(Dataset entries)
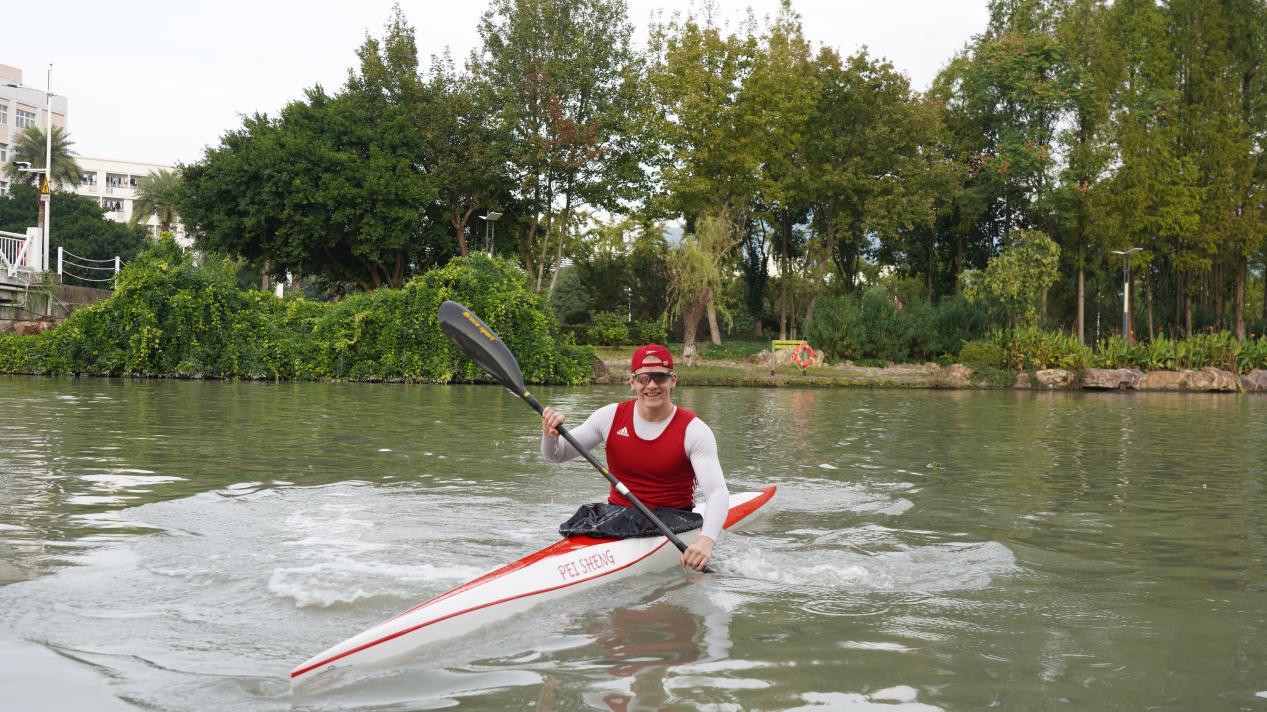 留学生BURKOV MIKHAIL(中文名卜麦克),乘皮划艇畅游塘河,沉浸式感受百里塘河的千载风华,体味瓯越文化的独特魅力,从千年商港起航,讲述大美中国故事!
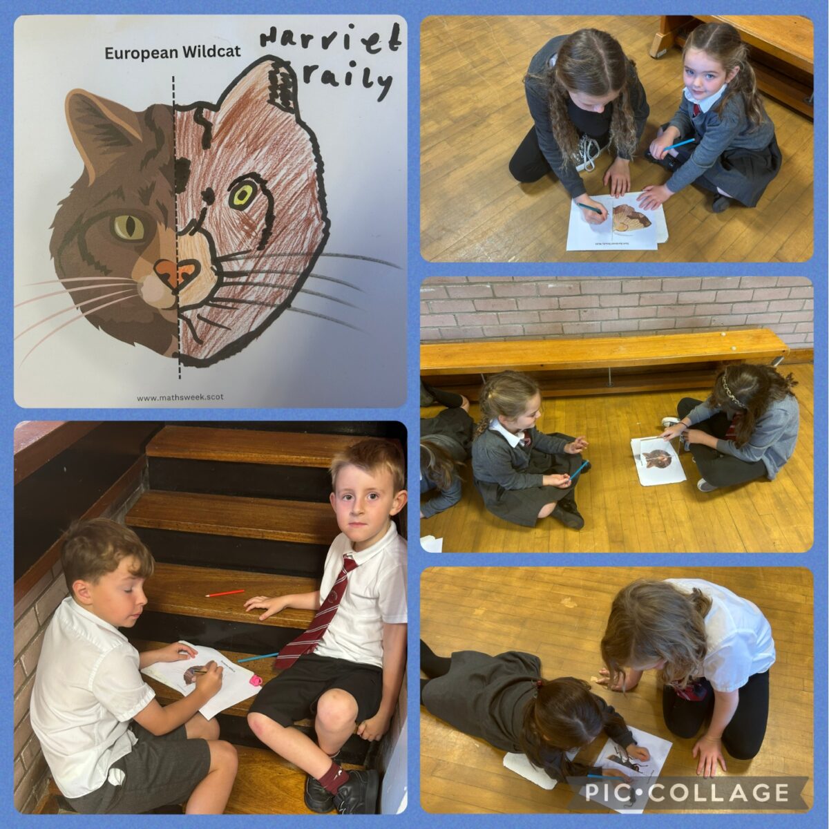 Primary 1 and 2 went on wild adventures with Fin Finity. They started their Maths Week Scotland adventure to Edinburgh Zoo! They visited the penguins first and had to calculate how many fish the King, Gentoo and Rockhopper penguins needed to eat. They thought that drawing out fish might help them but soon realised it took ages…so they counted 60 fish with cubes instead. They then found out that the King penguins would eat half of the fish, the Gentoo penguins would eat 1/3 and the Rockhopper penguins would have the rest so they needed to work out what half of and 1/3 of 60 was. After that they needed to find out how many fish to feed each penguin. They discovered that there were 6 King penguins, 5 Gentoo penguins and 5 Rockhoppers that were needing feed so we split our totals amount these. Lots of hard work!
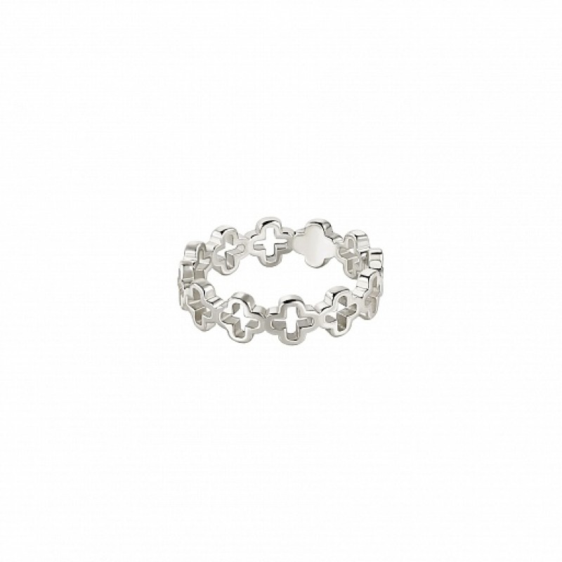 Это простое, но одновременно очень нарядное кольцо. Оно составлено из маленьких ажурных крестиков тонкой работы, а в центре выделяется один полнотелый крестик, который создаёт яркий акцент.
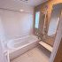 アクセントパネルをライトウッドにし、明るく落ち着いた雰囲気のお風呂になりました。
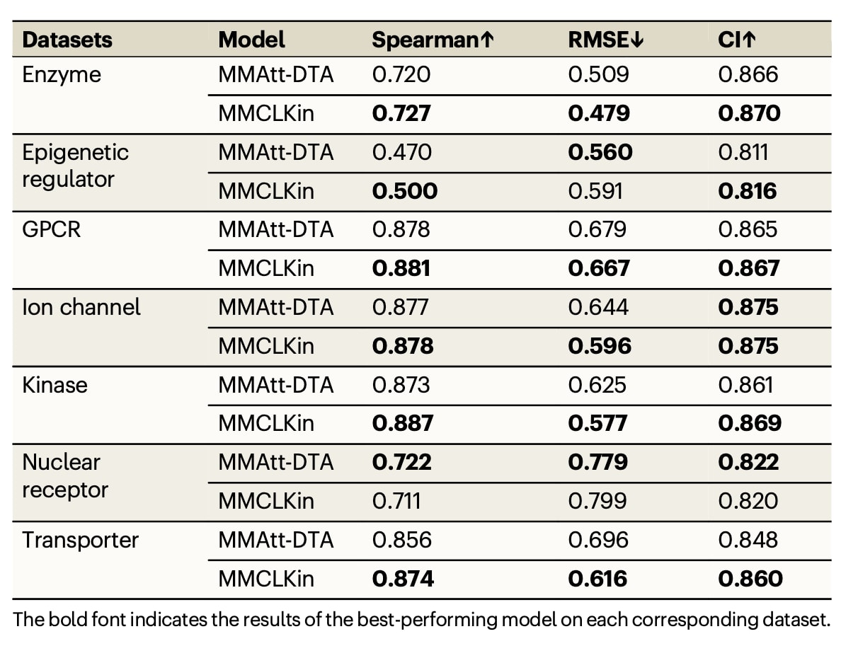 表2|展示了MMCLKin与MMAtt-DTA在七个靶点超家族上的性能对比。
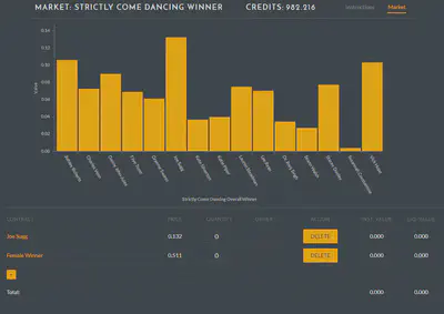 To trade, you select the “markets” icon (the four panels) and then select a market, e.g. the “Strictly Come Dancing Winner” market. This demonstration market is for predicting the winner of the 2018 series of BBC’s Strictly Come Dancing programme (Americans will know this programme as Dancing with the Stars). In the programme 15 celebrities compete at dancing with one celebrity being ejected from the competition each week. This market is, as the British election commentator Peter Snow might say, “just a bit of fun”, but it illustrates many of the key features of AGORA. This market has 15 distinct outcomes. In all AGORA markets, outcomes are Mutually Exclusive and Comprehensively Exhaustive (MECE): this means that only one outcome can occur but one outcome must occur.
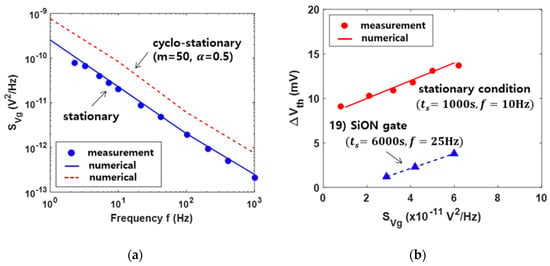 1/f noise spectrum and threshold voltage shifts for . (a) for , (b) versus for .
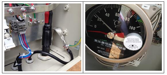 匯流箱接地線未連接到接地排上、箱變底部電纜溝未封堵、箱變事故放油未按引流管、無(wú)事故放油池、逆變器電壓表?yè)p壞、變壓器用油面溫控器內(nèi)泡沫未取出(如下圖所示):
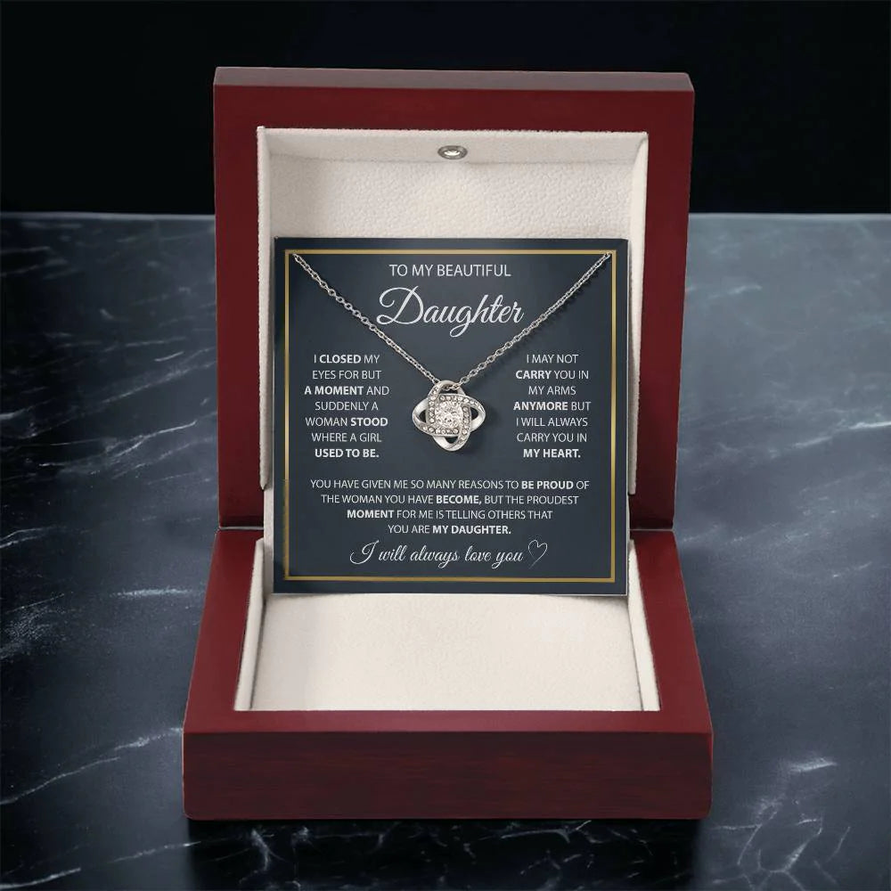 Ce n'est pas seulement un cadeau, c'est un souvenir précieux dans une boîte. Dans quelques années, elle regardera en arrière et se souviendra de l'amour qui l'accompagnait. Ce collier et cette carte lui rappelleront toujours votre promesse : "Je t'aime pour toujours".

### EXERCISE
Go to the line above that has "Primary 1 and" and copy exactly from there down to the line that has "表2|展示了MMCLKin与MMAtt-DTA在七个靶点超家族上的性能对比。", both included. Leave the pictures out.

### WRITTEN ANSWER
 Primary 1 and 2 went on wild adventures with Fin Finity. They started their Maths Week Scotland adventure to Edinburgh Zoo! They visited the penguins first and had to calculate how many fish the King, Gentoo and Rockhopper penguins needed to eat. They thought that drawing out fish might help them but soon realised it took ages…so they counted 60 fish with cubes instead. They then found out that the King penguins would eat half of the fish, the Gentoo penguins would eat 1/3 and the Rockhopper penguins would have the rest so they needed to work out what half of and 1/3 of 60 was. After that they needed to find out how many fish to feed each penguin. They discovered that there were 6 King penguins, 5 Gentoo penguins and 5 Rockhoppers that were needing feed so we split our totals amount these. Lots of hard work!
 Это простое, но одновременно очень нарядное кольцо. Оно составлено из маленьких ажурных крестиков тонкой работы, а в центре выделяется один полнотелый крестик, который создаёт яркий акцент.
 アクセントパネルをライトウッドにし、明るく落ち着いた雰囲気のお風呂になりました。
 表2|展示了MMCLKin与MMAtt-DTA在七个靶点超家族上的性能对比。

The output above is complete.